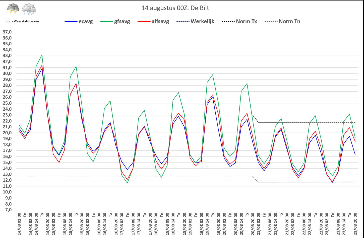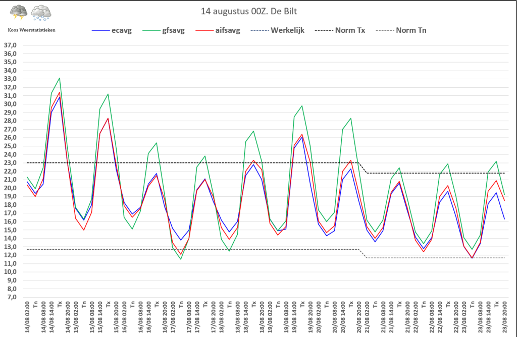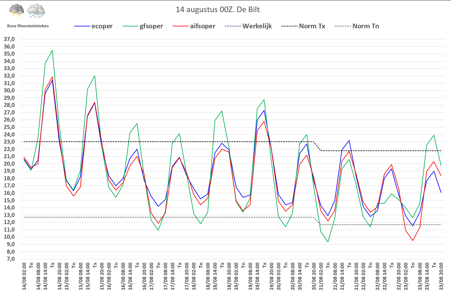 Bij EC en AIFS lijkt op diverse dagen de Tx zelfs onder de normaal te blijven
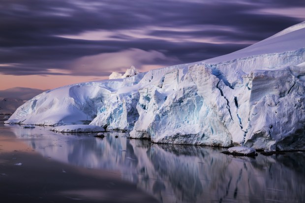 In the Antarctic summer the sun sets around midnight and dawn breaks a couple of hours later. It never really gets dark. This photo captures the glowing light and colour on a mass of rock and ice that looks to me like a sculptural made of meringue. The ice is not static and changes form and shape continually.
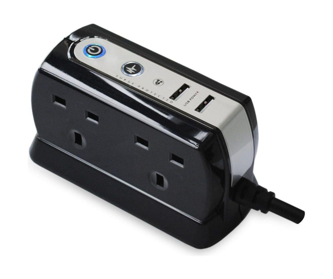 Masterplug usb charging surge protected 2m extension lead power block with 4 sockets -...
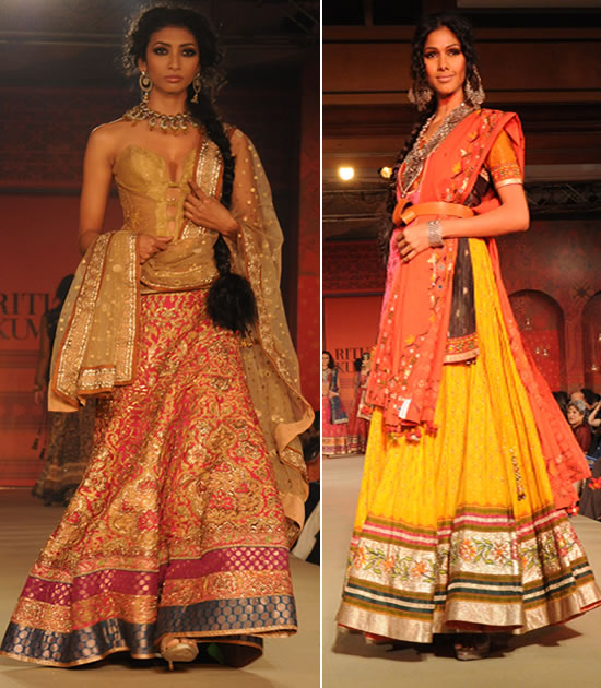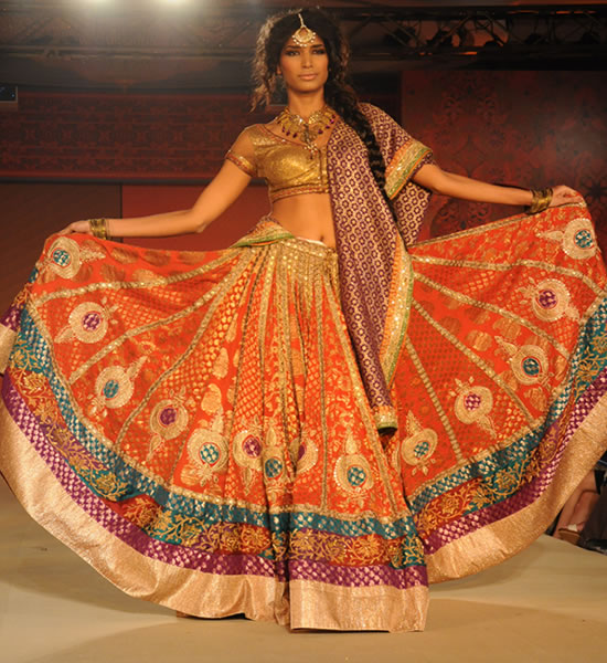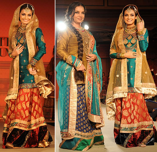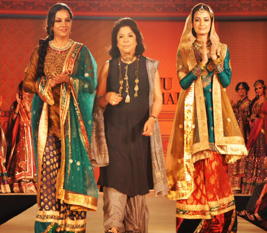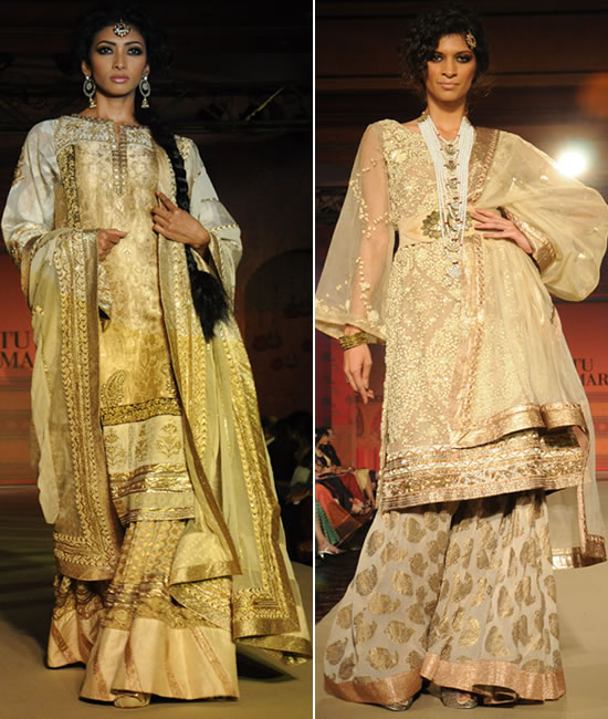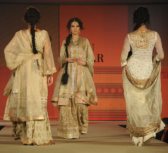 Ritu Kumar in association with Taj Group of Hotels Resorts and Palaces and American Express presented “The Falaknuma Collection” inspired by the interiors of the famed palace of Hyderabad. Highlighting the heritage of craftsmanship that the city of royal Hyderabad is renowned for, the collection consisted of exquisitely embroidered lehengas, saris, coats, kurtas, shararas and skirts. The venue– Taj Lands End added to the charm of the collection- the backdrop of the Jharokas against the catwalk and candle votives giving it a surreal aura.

---+---

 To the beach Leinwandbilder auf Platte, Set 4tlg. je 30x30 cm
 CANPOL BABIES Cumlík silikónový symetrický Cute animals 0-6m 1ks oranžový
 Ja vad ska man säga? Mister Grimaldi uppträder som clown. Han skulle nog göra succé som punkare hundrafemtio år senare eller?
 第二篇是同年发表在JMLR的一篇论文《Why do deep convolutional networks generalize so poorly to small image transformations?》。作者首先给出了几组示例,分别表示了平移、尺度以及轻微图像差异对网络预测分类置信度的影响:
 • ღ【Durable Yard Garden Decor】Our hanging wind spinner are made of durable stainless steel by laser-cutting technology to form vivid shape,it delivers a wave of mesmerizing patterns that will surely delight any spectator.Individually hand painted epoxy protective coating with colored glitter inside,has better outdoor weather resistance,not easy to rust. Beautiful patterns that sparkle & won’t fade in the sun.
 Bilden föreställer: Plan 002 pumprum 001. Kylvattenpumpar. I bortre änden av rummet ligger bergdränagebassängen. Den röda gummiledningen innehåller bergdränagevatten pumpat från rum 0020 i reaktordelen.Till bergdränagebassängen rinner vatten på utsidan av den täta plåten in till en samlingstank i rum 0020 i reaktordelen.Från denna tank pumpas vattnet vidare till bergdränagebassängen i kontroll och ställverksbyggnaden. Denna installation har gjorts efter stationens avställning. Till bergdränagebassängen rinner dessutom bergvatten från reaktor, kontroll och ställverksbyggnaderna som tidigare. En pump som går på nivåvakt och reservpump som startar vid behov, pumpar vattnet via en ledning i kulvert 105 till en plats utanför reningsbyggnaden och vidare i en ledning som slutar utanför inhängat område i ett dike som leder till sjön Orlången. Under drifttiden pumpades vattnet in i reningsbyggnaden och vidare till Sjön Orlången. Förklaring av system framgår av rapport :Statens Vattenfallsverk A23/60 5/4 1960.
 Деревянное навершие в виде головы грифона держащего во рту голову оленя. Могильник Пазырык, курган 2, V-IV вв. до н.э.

---+---

How to complete this task: Retype only the stretch of lines above starting at the one with "To the beach" and stopping at the one with "第二篇是同年发表在JMLR的一篇论文《Why do deep", exactly as written, with both kept.

Output below:
 To the beach Leinwandbilder auf Platte, Set 4tlg. je 30x30 cm
 CANPOL BABIES Cumlík silikónový symetrický Cute animals 0-6m 1ks oranžový
 Ja vad ska man säga? Mister Grimaldi uppträder som clown. Han skulle nog göra succé som punkare hundrafemtio år senare eller?
 第二篇是同年发表在JMLR的一篇论文《Why do deep convolutional networks generalize so poorly to small image transformations?》。作者首先给出了几组示例,分别表示了平移、尺度以及轻微图像差异对网络预测分类置信度的影响:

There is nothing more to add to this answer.